The problem with making a case for the chicken pox virus (V.Z. or H.Z.) as a cause of ME/CFS is that the virus is endemic and infection is lifelong if usually asymptomatic. Most researchers will reject it as unworthy of closer inquiry.
Moreover, blood tests are seen as a poor indicator of V.Z. levels, with cerebrospinal fluid samples seen as required for definitive proof. That is usually avoided since it means imposing the risks and pains of a spinal tap.
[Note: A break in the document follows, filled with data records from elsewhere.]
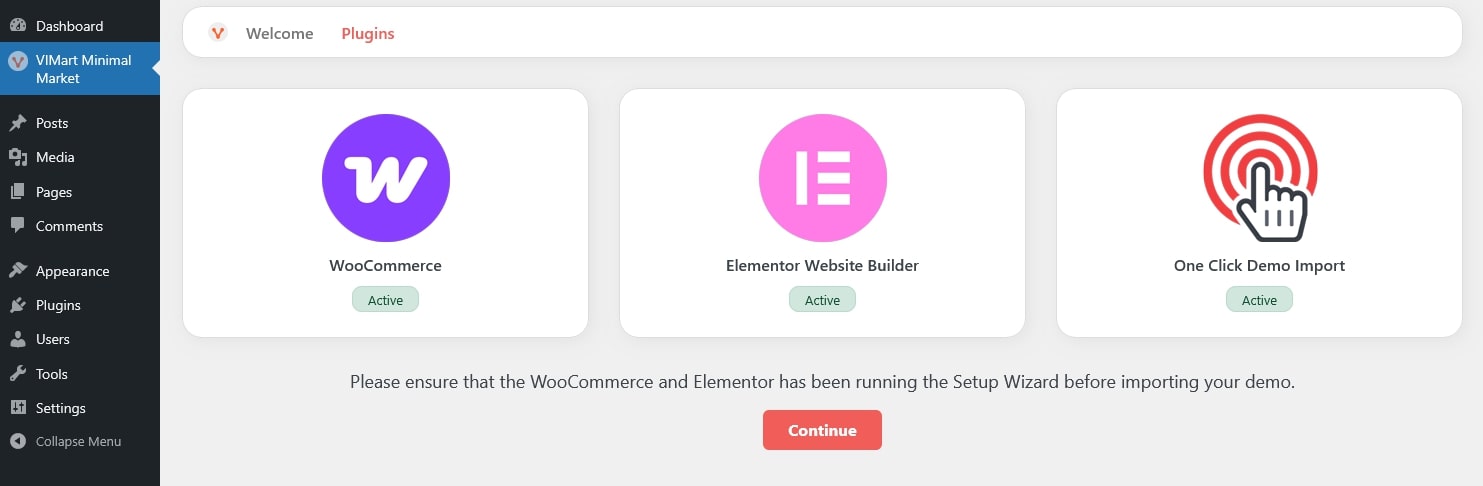 Once these plugins are active, you can proceed to import the demo content without issues.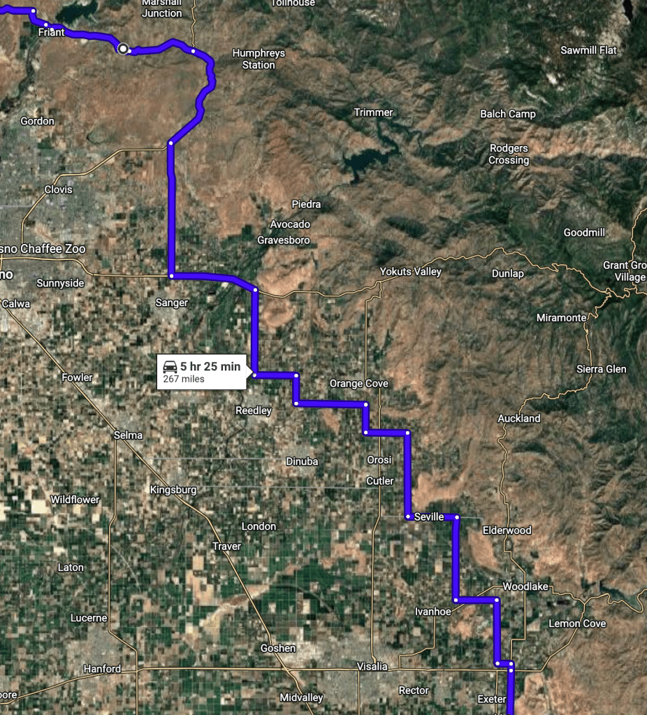 Zagging and zigging on CA-65 through almond, pistachio, citrus, and olive orchards and the myriad small agricultural communities each about seven miles apart, we zigged and zagged even more to our next stop in Friant.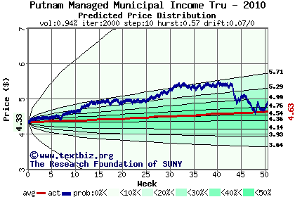 The high to date and low to date prices of the stock plotted against a random walk model for 2010 (what's this?).

Since central nervous system (CNS) involvement is now known to be common in chicken pox (about 40% of all cases), a large proportion of the population must be regarded as susceptible to CNS effects when shingles develops along the same neural pathways. Yet CNS effects are rarely noted in shingles. Might it be that such cases are instead recorded as ME/CFS?
"Distinct Cerebrospinal Fluid Proteomes Differentiate Post-Treatment Lyme Disease from Chronic Fatigue Syndrome"
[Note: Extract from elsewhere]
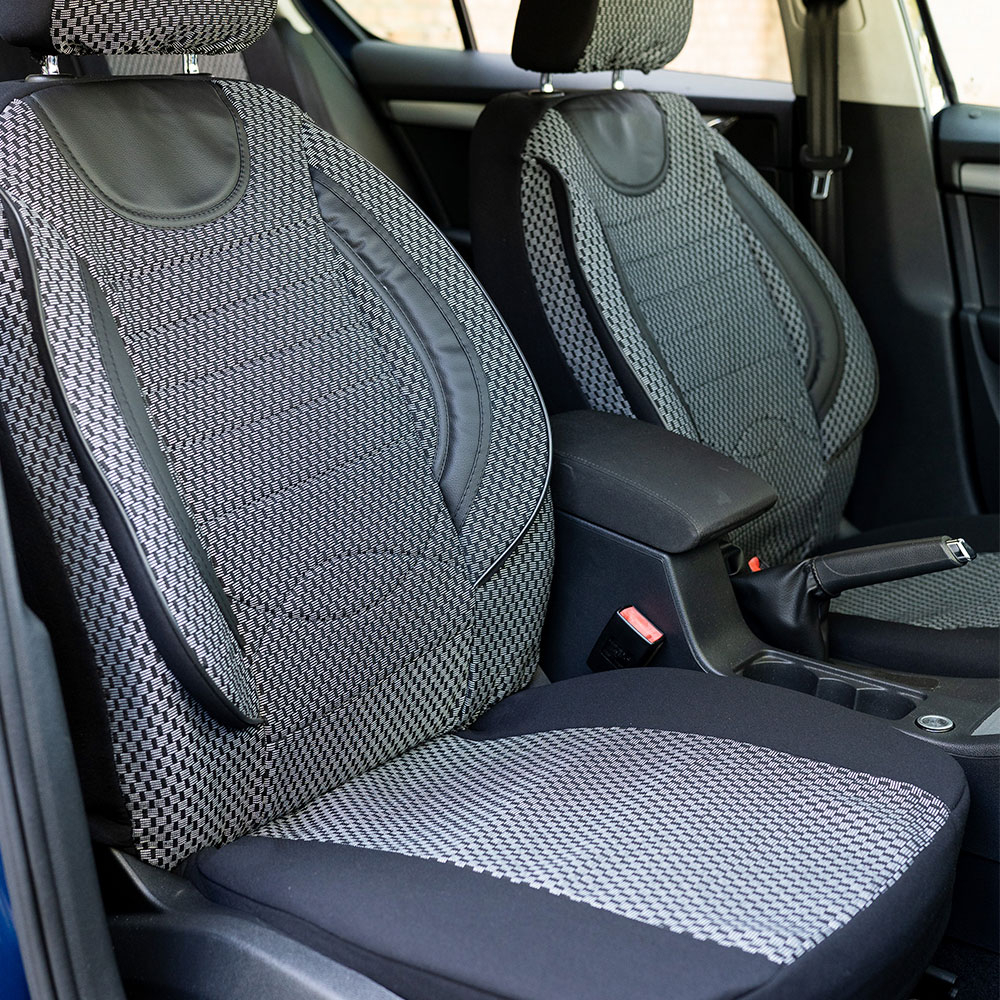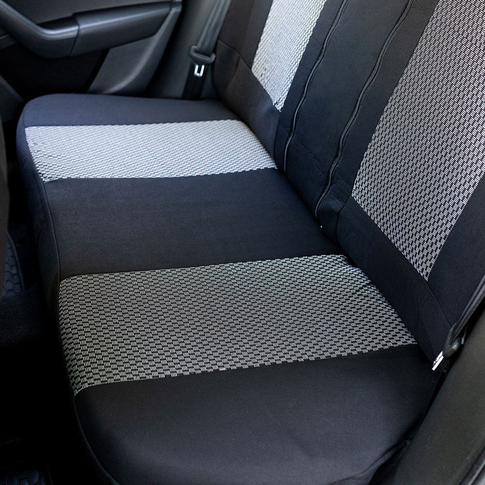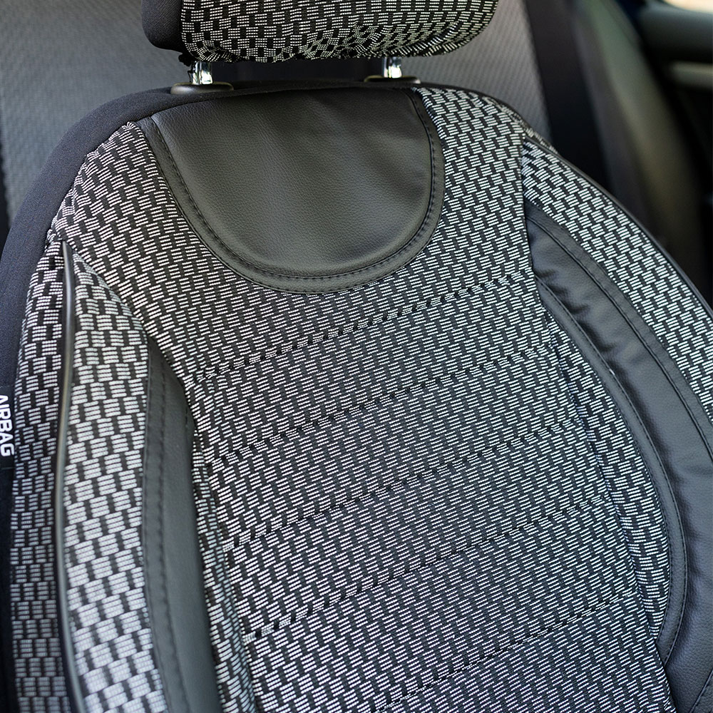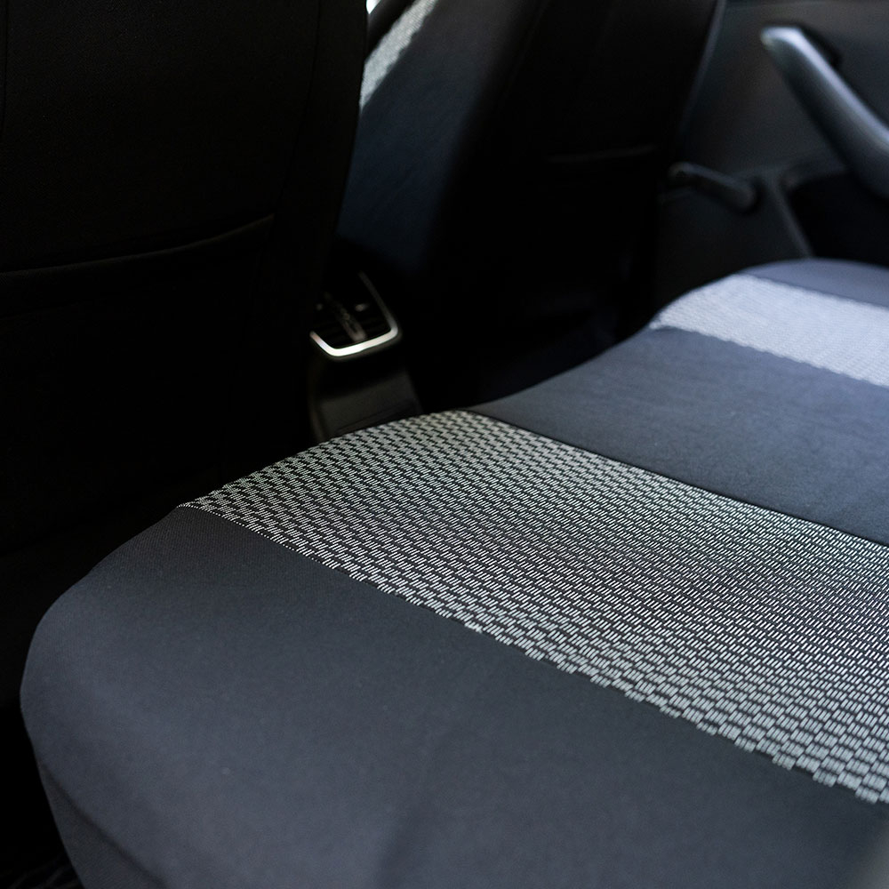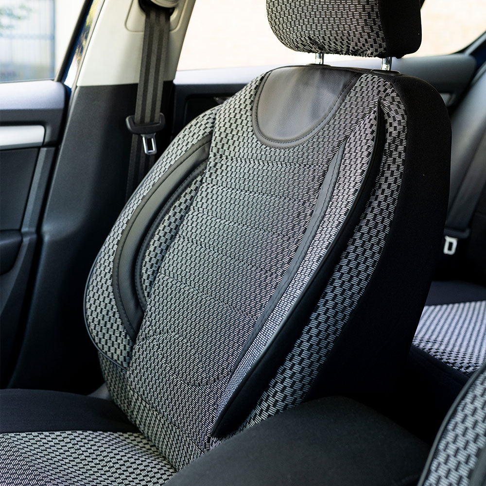 Huse din material textil dublu laminat similar cu tapiteriile originale, cu insertii de piele ecologica si ambele fete dublate cu burete (grosime 5mm)

http://www.ncbi.nlm.nih.gov/pubmed/21383843
Abstract
BACKGROUND:
Neurologic Post Treatment Lyme disease (nPTLS) and Chronic Fatigue (CFS) are syndromes of unknown etiology. They share features of fatigue and cognitive dysfunction, making it difficult to differentiate them. Unresolved is whether nPTLS is a subset of CFS.
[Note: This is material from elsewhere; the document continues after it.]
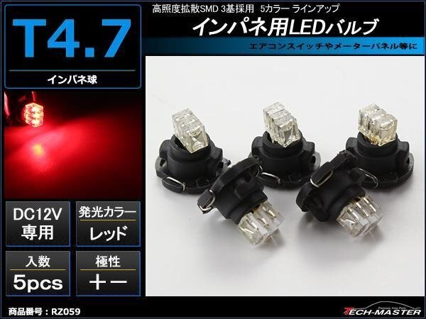 - T4.7LEDバルブ インパネ球 メーター/エアコン レッド5個入 RZ059

METHODS AND PRINCIPAL FINDINGS:
Pooled cerebrospinal fluid (CSF) samples from nPTLS patients, CFS patients, and healthy volunteers were comprehensively analyzed using high-resolution mass spectrometry (MS), coupled with immunoaffinity depletion methods to reduce protein-masking by abundant proteins. Individual patient and healthy control CSF samples were analyzed directly employing a MS-based label-free quantitative proteomics approach. We found that both groups, and individuals within the groups, could be distinguished from each other and normals based on their specific CSF proteins (p<0.01). CFS (n = 43) had 2,783 non-redundant proteins, nPTLS (n = 25) contained 2,768 proteins, and healthy normals had 2,630 proteins. Preliminary pathway analysis demonstrated that the data could be useful for hypothesis generation on the pathogenetic mechanisms underlying these two related syndromes.
CONCLUSIONS:
nPTLS and CFS have distinguishing CSF protein complements. Each condition has a number of CSF proteins that can be useful in providing candidates for future validation studies and insights on the respective mechanisms of pathogenesis. Distinguishing nPTLS and CFS permits more focused study of each condition, and can lead to novel diagnostics and therapeutic interventions.